# Need new struts/shocks



## wobgti (Mar 31, 2010)

ok im posting for a friend, hes got a 95 740 and his struts are really bad. I looked up a few sites and found some bilsteins for around $235 per piece front struts. I also found some monroe around $100 per piece for fronts. now he just bought a house and his funds are depleted so cheaper fix here works. question is, are those monroe's good for a while, or are they junk? maybe some other options? 
thanks for your time


----------



## wilk187 (May 22, 2008)

Couple guys on other boards that i know have used monroe struts...They will do the job if money's tight.


----------



## TxGr8White (Jan 11, 2010)

Monroes will work fine - had them in my 1995 E38 as well.


----------



## CodyItaliano (Feb 19, 2009)

yes, Monroes are great. that is if you dont go with the bottom of the line ones. i dont believe they sell cheap junk ones for BMWs though. i sell Monroe struts and shocks locally. its what i'll likely put on mine when the time comes for need of replacement on my E38. i considered the KYB GR2s for my car as well, but Monroe is more affordable. look for Monroe Sensa Tracs, those have particular valving and design that are going to give a nice smooth and controlable ride for a decent price. a lot less than Bilsteins. usually you can get a lifetime warranty on them from most places that sell them too, usually 1 or 2 year warranties given on other like products. just make sure it doesnt have the hydrolic suspension as the struts on those are much more expensive and not as available from aftermarket manufactures.


----------



## BMW 3-SERIES (Jun 8, 2007)

Question: Can I swap out the EDC Struts with like say 740iLs without EDC?


----------



## wilk187 (May 22, 2008)

BMW 3-SERIES said:


> Question: Can I swap out the EDC Struts with like say 740iLs without EDC?
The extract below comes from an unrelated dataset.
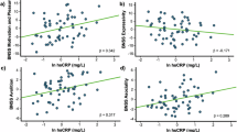 Blood was drawn between 8 and 10 a.m. on the day of testing. Study participants were instructed to fast for at least 8 h prior to the blood draw and this was verified by a questionnaire on the day of testing. To obtain plasma for the Olink panel, blood was drawn into ethylenediaminetetraacetic acid tubes (Sarstedt, Switzerland), centrifuged for 15 min at 1500 × g and plasma was frozen at −80 °C. hsCRP was measured in serum: blood was collected into a silica and gel containing tube (BD Vacutainer).

Yes...the EDC is controlled by a single wire on top of each strut under the cap. You can just cut/disconnect the wire and put new struts in..EDC isn't hooked up to the computer, so you won't get an error.


----------



## BMW 3-SERIES (Jun 8, 2007)

Sweet, already ordered a list of new things is it going to ride alot different?


----------



## wilk187 (May 22, 2008)

BMW 3-SERIES said:


> Sweet, already ordered a list of new things is it going to ride alot different?


Depends...my EDC struts stopped working (electronic portion at least) about 6 months before i put Bilsteins on..I thought the ride was rougher, but i bought the sport version of the Bilsteins. Plus i went from 18" to 19" rims at the same time.


----------



## BMW 3-SERIES (Jun 8, 2007)

I'm not sure what to get.. I mean its an iL, so I wouldn't really think to go sport but than I might regret not getting them cause well I do someone want stiffer suspension. So whatever I'll go Bliestien on all four wheels.


----------